A bonus to the Historical Food Fortnightly breakfast challenge: Miss B's Waffles (without yeast) from Miss Beecher's Domestic Receipt Book (New York, 1846, 3rd edition 1856).
Waffles with cinnamon and sugar. |
We made a full batch on this one: first stirring together the quart of flour (all-purpose), 1 tsp salt, and 1 cup sugar (granulated--and meant to be a teacup of ~6 oz, though I think I got closer to 8oz). My friend beat 5 eggs well, while I warmed the quart of sour milk with 2 Tbsp butter on the stove to melt the latter.
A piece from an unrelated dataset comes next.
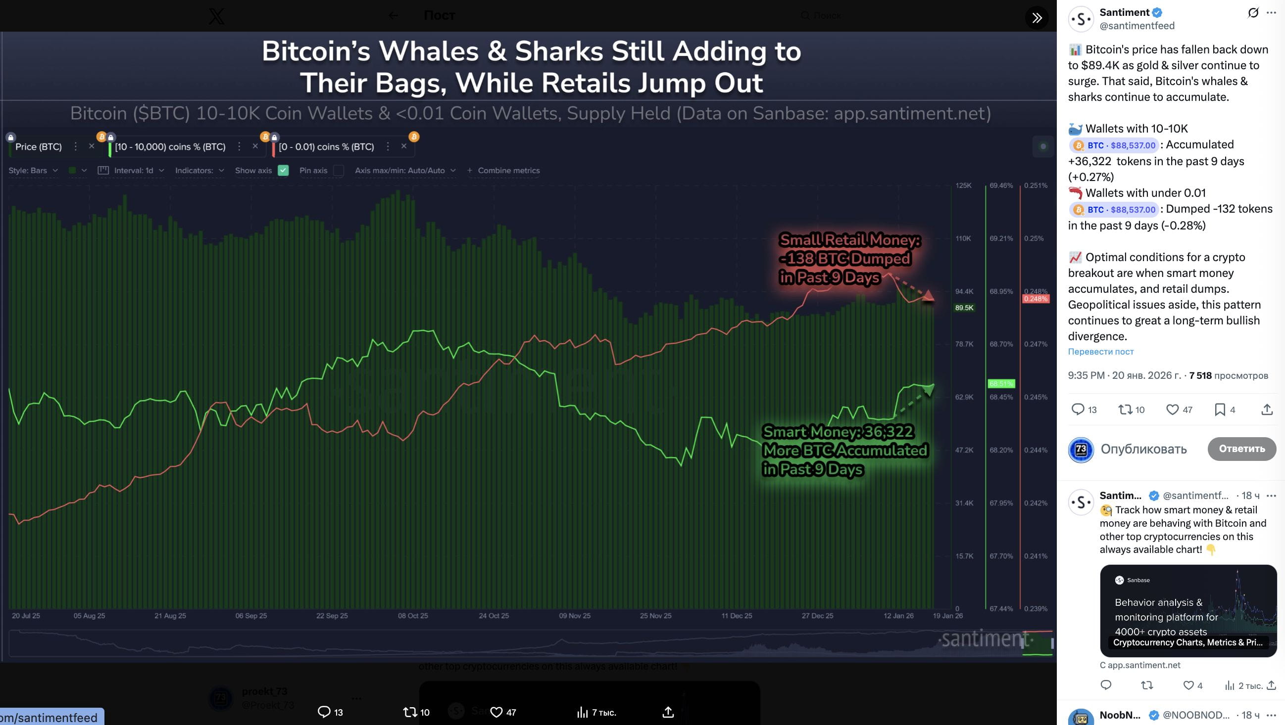 Santiment: крупные кошельки докупают BTC, розница выходит из позиций.

We used milk that was approaching its 'use by' date, and then added a splash of vinegar to make it 'sour.' We mixed the milk and eggs, pouring the milk slowly to avoid curdling the egg, and then stirred in the dry ingredients to make the batter. All the while the waffle iron was heating on the wood-burning stove.
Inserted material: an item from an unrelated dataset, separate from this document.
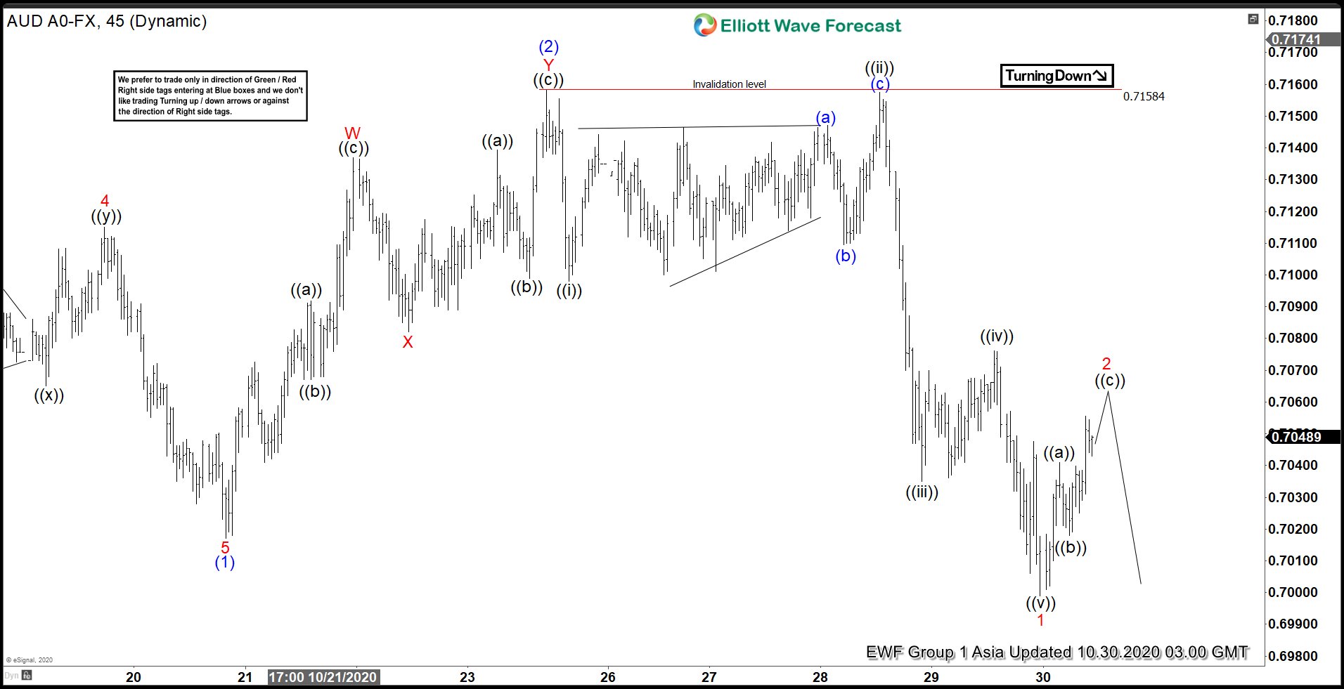 AUDUSD shows an incomplete sequence from September 1 peak favoring further downside. The decline from there is unfolding as a zigzag Elliott Wave structure. Down from September 1 peak (0.741), wave ((A)) ended at 0.7 and wave ((B)) ended at 0.724. Pair is currently within wave ((C)) lower and the subdivision of this wave ((C)) is in 5 waves, as 45 minutes chart below shows.

When the iron seemed hot (not that the fire was cooperating), we buttered it well, dissolved a teaspoon of baking soda (for the saleratus) in some water, and folded that into the batter, and promptly started cooking. Two ladles full of batter neatly filled the iron, without running over. The whole batch of batter thoroughly filled the conical mixing bowl, and made about 10 waffles. It took more than 3 hours to cook them all, because the fire was quite slow, especially to start. In accordance with other recipes my friend found, we sprinkled the waffles with cinnamon and sugar before serving.
We made this recipe in order to try (for a second time) using my friend's new-to-her early 20th century waffle iron, which is a cast-iron stove-top model with wooden handles very like those used in the 1850s. This recipe was selected because it actually contains sugar and doesn't rely on yeast for leavening, which was necessary to suit our modern palates and to get the project done while the museum was open.
The eggs were from my friend's heritage breed chickens, which is about as close as we can get to authentic on that ingredient; everything else was purchased.
The resulting waffles were slightly eggier than modern recipes, but tasted good. The consensus was that they tasted "like waffles but slightly like French toast." They were a lot lighter than our last attempt at period waffles, and a bit less dry than most of the modern American waffles I've had. All of the waffles were eaten, and everyone voluntarily took seconds, which is always a good sign.
they certainly look tasty!
ReplyDeleteThank you, they were! One upside to the slow fire was that we got to just keep eating waffles throughout the day, as they slowly cooked.